Artykuły

Biznes tworzy realne miejsca pracy

ImageOddajemy w Państwa ręce pierwszy numer magazynu „Europejska Firma”. Nazwaliśmy go tak, gdyż słowo „europejska” oznacza też nowoczesna, cywilizowana, kulturalna, ekologiczna. Od 5 lat każda polska firma jest jednocześnie europejska, gdyż nasz kraj jest członkiem Wspólnoty Europejskiej.

Ważnym elementem jest również działanie naszych firm na obszarze chronionym barierami celnymi i administracyjnymi ustanawianymi przez UE. W tym sensie każda firma działająca na tym terytorium jest firmą europejską, a podmioty z innych obszarów celnych są obce, bo konkurencyjne. 
W działaniach Komisji Europejskiej można wyraźnie dostrzec takie rozróżnienie. Dba ona o nasze firmy jak o własne. Chroni je cłami np. przed produktami z Chin, sprzedawanymi po dumpingowych cenach. Wspiera też rozwój europejskich przedsiębiorstw dotacjami.

W 2002 r. na publicznych spotkaniach przekonywałem do korzyści, jakie polska gospodarka odniesie z akcesji do UE. Wskazywałem na zmianę wizerunku naszego państwa wśród przedsiębiorców i menedżerów zagranicznych firm, co sprawi, że chętniej będą inwestowali w Polsce. Podkreślałem znaczenie zniesienia barier celnych z krajami, do których trafia duża część naszego eksportu, co ułatwi polskim firmom wymianę handlową. Za istotną uważałem również  możliwość podjęcia legalnej pracy przez Polaków w wielu krajach Europy Zachodniej, szczególnie że bezrobocie w naszym kraju było wówczas wielkie. Zdawałem sobie sprawę, że UE jest organizacją mocno etatystyczną, że jej biurokraci mają tendencję do narzucania swoich pomysłów samodzielnym państwom, a część ich koncepcji jest niemądra. Korzyści z akcesji Polski do Wspólnoty miały jednak być większe. I tak się stało.

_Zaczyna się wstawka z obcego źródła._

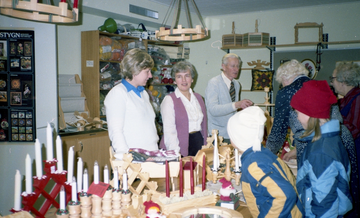 Julförsäljning av hantverk i pensionärernas hobbylokal/träffpunkt på Våmmedalsvägen år 1982. Från vänster står 1. Ingela Bengtsson, terapibiträde. 2. Britt Johansson Norén, terapibiträde. 3. Gösta Magnusson. Övriga namnuppgifter saknas.

Ingerencje urzędników na rynku z reguły nie są dobre. Globalny krach gospodarczy, z którym mamy do czynienia, pokazuje jednak, że czasami bywają potrzebne.

Analizując przyczyny kłopotów amerykańskiej gospodarki, szybko rosnącego tam bezrobocia, zauważyłem, że mają one związek z upadkiem  małych i średnich firm handlowych i produkcyjnych, które nie wytrzymały w starciu z wielkimi koncernami i konkurencją z krajów niskokosztowych.

Ewidentnie zaszkodziła im ekspansja wielkich sieci handlowych, które nie chcą na swoich półkach produktów lokalnych czy regionalnych firm, lecz wolą te dostarczane przez wielkie koncerny i reklamowane w telewizjach. Małe i średnie firm handlowe i produkcyjne oraz miejsca pracy w nich niszczone są przez naturalne procesy gospodarcze związane z rozwojem technologii i wzrostem wydajności pracy.

Jako liberałowi trudno było mi przekonywać do ingerowania w tę walkę biznesową. Zagrożenia związane z oligarchizacją gospodarki dla społeczeństwa i demokracji są jednak tak wielkie, że gdy je dostrzegłem jesienią 2008 r., zdecydowałem stanąć w obronie lokalnego biznesu.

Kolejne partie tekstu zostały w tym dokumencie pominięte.